Data extract Start Marker
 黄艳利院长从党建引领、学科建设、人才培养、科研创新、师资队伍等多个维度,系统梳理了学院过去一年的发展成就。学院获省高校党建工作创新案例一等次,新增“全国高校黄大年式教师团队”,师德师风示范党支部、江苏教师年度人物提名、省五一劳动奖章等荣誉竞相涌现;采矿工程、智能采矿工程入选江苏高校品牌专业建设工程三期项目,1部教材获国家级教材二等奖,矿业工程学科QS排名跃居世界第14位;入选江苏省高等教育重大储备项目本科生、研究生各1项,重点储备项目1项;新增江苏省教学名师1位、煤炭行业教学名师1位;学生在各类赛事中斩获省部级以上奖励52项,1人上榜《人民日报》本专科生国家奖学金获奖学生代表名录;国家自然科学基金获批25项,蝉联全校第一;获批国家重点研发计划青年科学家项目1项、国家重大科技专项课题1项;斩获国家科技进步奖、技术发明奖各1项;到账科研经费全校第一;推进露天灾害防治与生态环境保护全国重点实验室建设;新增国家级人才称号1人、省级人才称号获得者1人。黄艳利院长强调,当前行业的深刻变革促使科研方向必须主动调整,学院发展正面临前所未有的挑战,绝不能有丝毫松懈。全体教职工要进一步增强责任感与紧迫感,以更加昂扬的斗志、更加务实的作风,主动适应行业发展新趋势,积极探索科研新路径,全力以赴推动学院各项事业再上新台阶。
Data extract End Marker
Data extract Start Marker
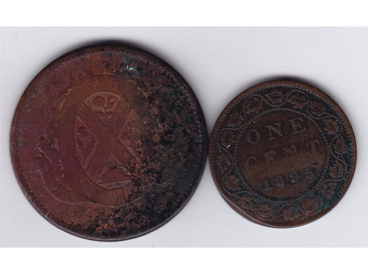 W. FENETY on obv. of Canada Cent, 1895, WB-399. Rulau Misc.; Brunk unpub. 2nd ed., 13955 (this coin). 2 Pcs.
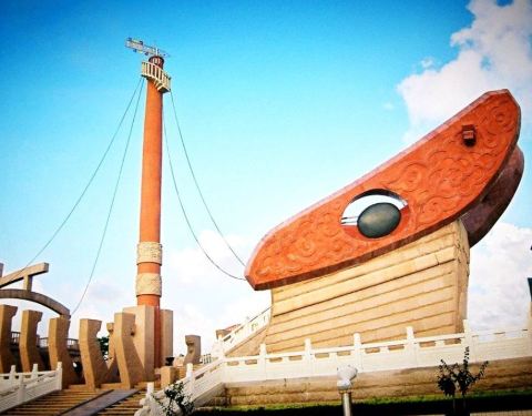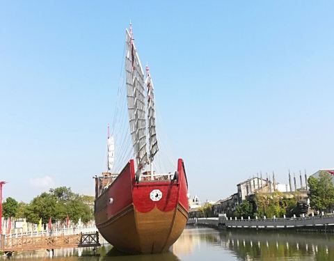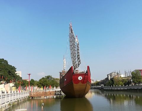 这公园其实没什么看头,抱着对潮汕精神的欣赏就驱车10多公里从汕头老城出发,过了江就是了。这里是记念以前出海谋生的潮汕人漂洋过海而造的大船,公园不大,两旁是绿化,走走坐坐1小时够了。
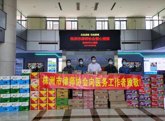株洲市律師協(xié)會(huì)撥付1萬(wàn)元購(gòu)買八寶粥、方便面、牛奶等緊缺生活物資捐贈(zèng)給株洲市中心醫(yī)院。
Data extract End Marker
Data extract Start Marker
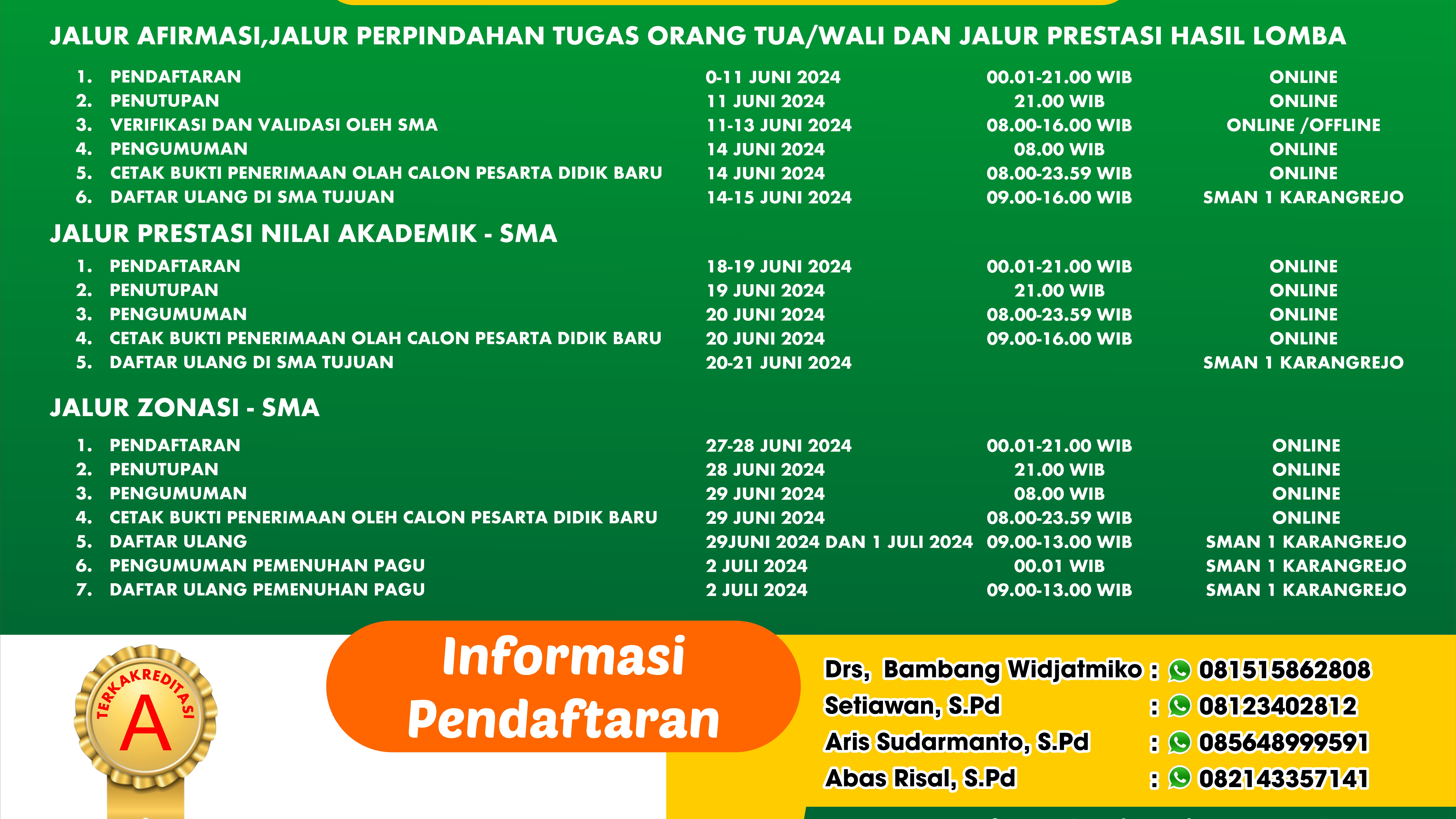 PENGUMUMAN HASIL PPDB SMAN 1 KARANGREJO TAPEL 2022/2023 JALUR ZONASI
Data extract End Marker
Exercise requirements: Print exactly the lines above that run from the one with "W. FENETY on" down to the one with "株洲市律師協(xié)會(h", and omit the pictures.

Task answer:
 W. FENETY on obv. of Canada Cent, 1895, WB-399. Rulau Misc.; Brunk unpub. 2nd ed., 13955 (this coin). 2 Pcs.
 这公园其实没什么看头,抱着对潮汕精神的欣赏就驱车10多公里从汕头老城出发,过了江就是了。这里是记念以前出海谋生的潮汕人漂洋过海而造的大船,公园不大,两旁是绿化,走走坐坐1小时够了。
株洲市律師協(xié)會(huì)撥付1萬(wàn)元購(gòu)買八寶粥、方便面、牛奶等緊缺生活物資捐贈(zèng)給株洲市中心醫(yī)院。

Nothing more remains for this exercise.